Will the Packaging Business Fuel SCC's Profit?


Most people know Siam Cement Public Company Limited (SCC) as Thailand’s largest cement and building materials producer, but its core businesses have 3 parts which include cement and building materials unit, petrochemical unit and packaging unit.

Among 3 businesses, the packaging unit is the most remarkable star to be focused. When looking at the third quarter of 2019 , it was the only business still having growth. The two others, building materials and petrochemicals, which are the most supporters of the company, have instead a decrease of income.

 

In the latest movement, SCC spinned off SCG Packaging Public Company (SCGP) in order to fully penetrate the packaging market. The company has raised funds to invest and expand into the domestic and overseas packaging markets. Moreover, there was a financial restructure of SCGP to be ready for future business expansion.

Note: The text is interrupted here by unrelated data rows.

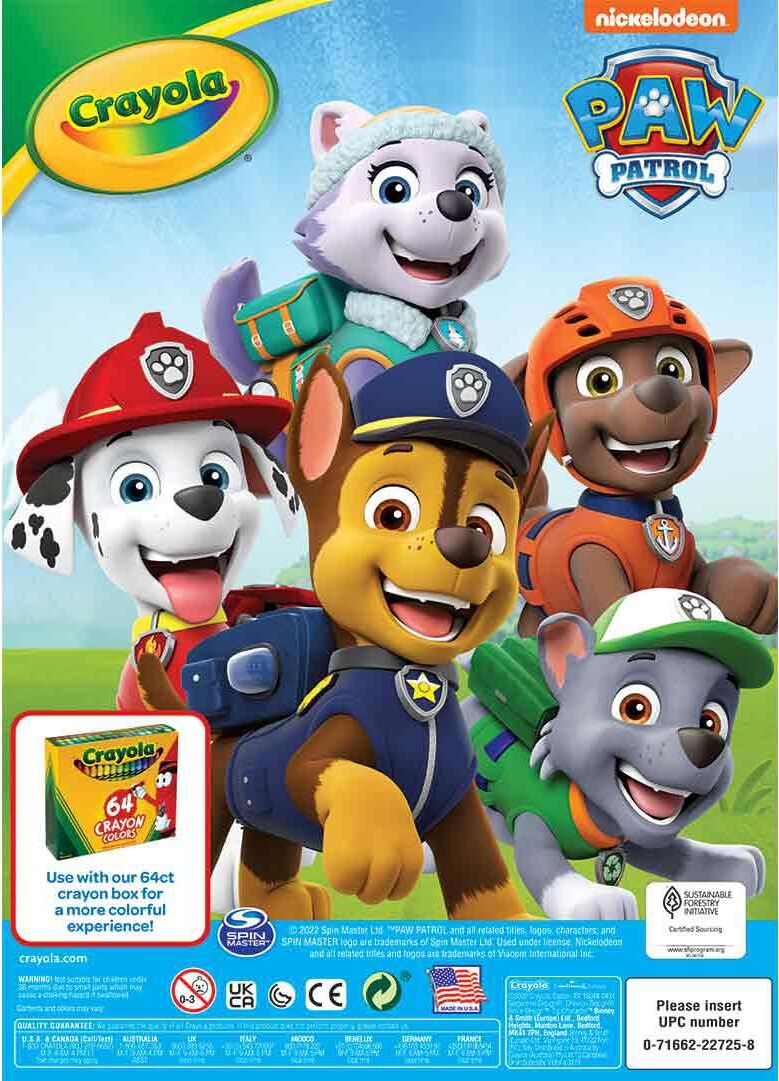 Regular price $5.99Kids can color their favorite puppy first responders with the Crayola Paw Patrol Coloring Book, featuring their characters from Nickelodeon’s Paw Patrol! This coloring book features a whopping 96 pages of art depicting scenes of Marshall, Rubble, Chase and the whole team. Crayola Coloring Books offer kids pages and pages of line art featuring their favorite characters from the big and small screen to color as they please! This book also includes one sheet of stickers to make coloring even more fun! Makes a great gift, especially when paired with a set of Crayola Crayons or Colored Pencils (each sold separately). Ideal for boys, girls or any fans of Paw Patrol ages 3 and up.
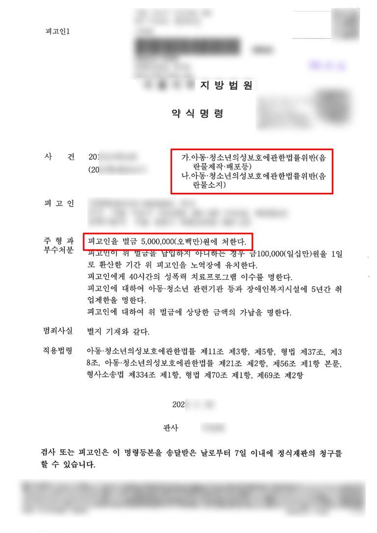 2. 아청물을 다크웹 사이트에 업로드하여 아청물 배포 혐의.
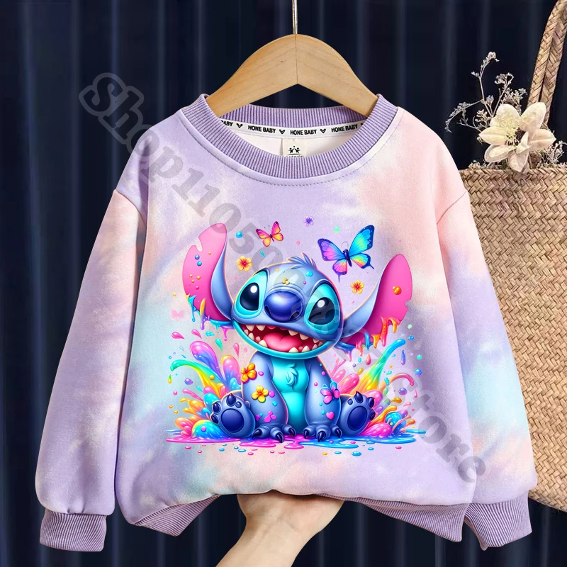 Disney Lilo Stitch Kids Cartoon Cute Sweatshirt Autumn Winter Clothing Children Long Sleeve Tops Boy Girl Anime Pullover Gifts
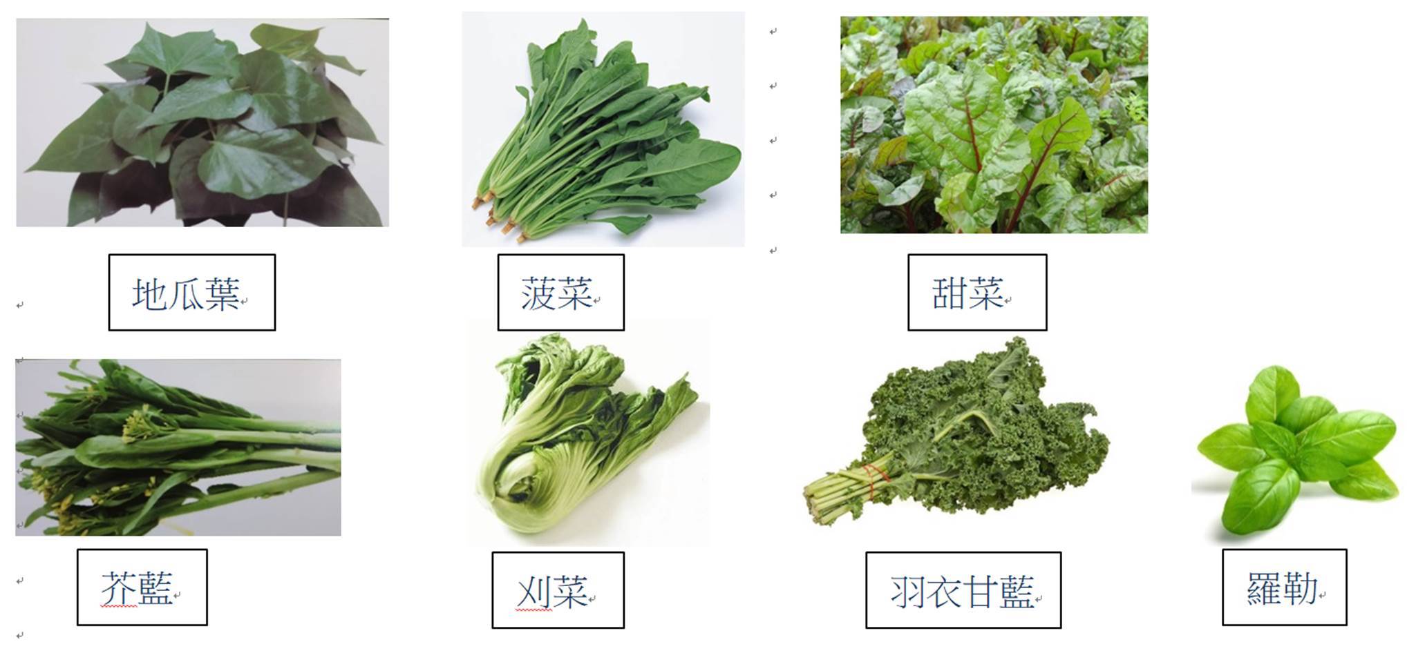 地瓜葉11.5毫克 >菠菜11.3毫克 >甜菜11毫克 >芥藍10.9毫克 >刈菜9.9毫克 >羽衣甘藍6.2毫克 >新鮮羅勒5.7毫克 >苦瓜2.6毫克 >豌豆2.6毫克 >南瓜2.3毫克 >蛋黃1.1毫克
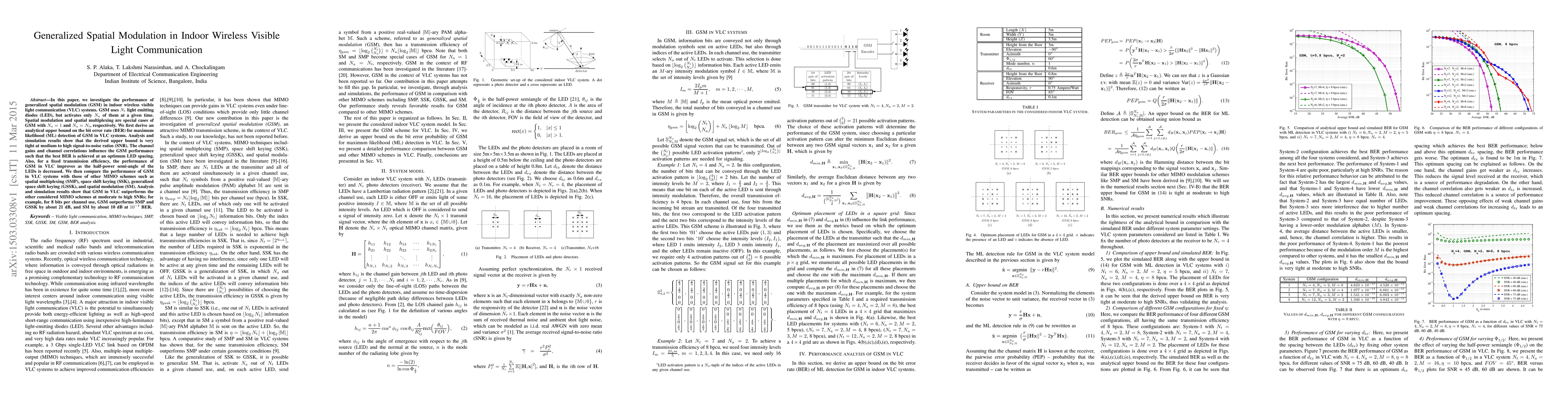 This paper investigates the performance of generalized spatial modulation (GSM) in indoor visible light communication (VLC) systems, deriving an analytical upper bound on bit error rate (BER) for GSM. The study finds that GSM outperforms other MIMO schemes like spatial multiplexing and spatial modulation, especially at moderate to high signal-to-noise ratios.
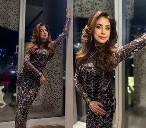 Urmila took to Instagram, where she shared a string of pictures in a glamorous avatar. The actress is seen wearing a black rhinestone embellished body-fitted dress. The actress has her hair blow dried and completed her look with minimum make-up.

This might be called the spinning off to grow, though it will leave SCC with two businesses.

 

However, SCGP still remains a subsidiary of SCC, which holds SCGP’s shares more than 70% and being able to control SCGP’s balance sheet at 100%. More importantly, SCC will no longer have a burden on SCGP’s investment fund.

As for SCGP, the company will have more flexibility in management and no need to rely on SCC’s funding because the company will have more options to access to funding sources, either issuing debentures, lending from the banks or increasing capital.

What causes SCC to push into the packaging business is the potential growth both in domestic and ASEAN markets, especially high growth online trade. There is an opportunity to make more value from the packaging as well, including durable boxes for electronic products.

At the same time, the packaging business will also support SCC’s logistics business. SCC has previously made a joint venture with Yamato group, a Japanese parcel delivery company which has the symbol of a black cat biting a dart. Both companies created Yamato Asia Company Limited in order to provide fast-track parcel delivery services, called SCG Express.

Which means the higher SCGP grows, the better looking of SCC’s balance sheet.

 

Penetrating to the packaging industry is an interesting strategy to make a profit but while SCGP has a brightening trend, its parents’ company SCC is in the worrisome situation. If the cement and building materials and petrochemical businesses don’t recover, it will be another year that the shareholders will be hurt. Let’s pray that it will not be like that.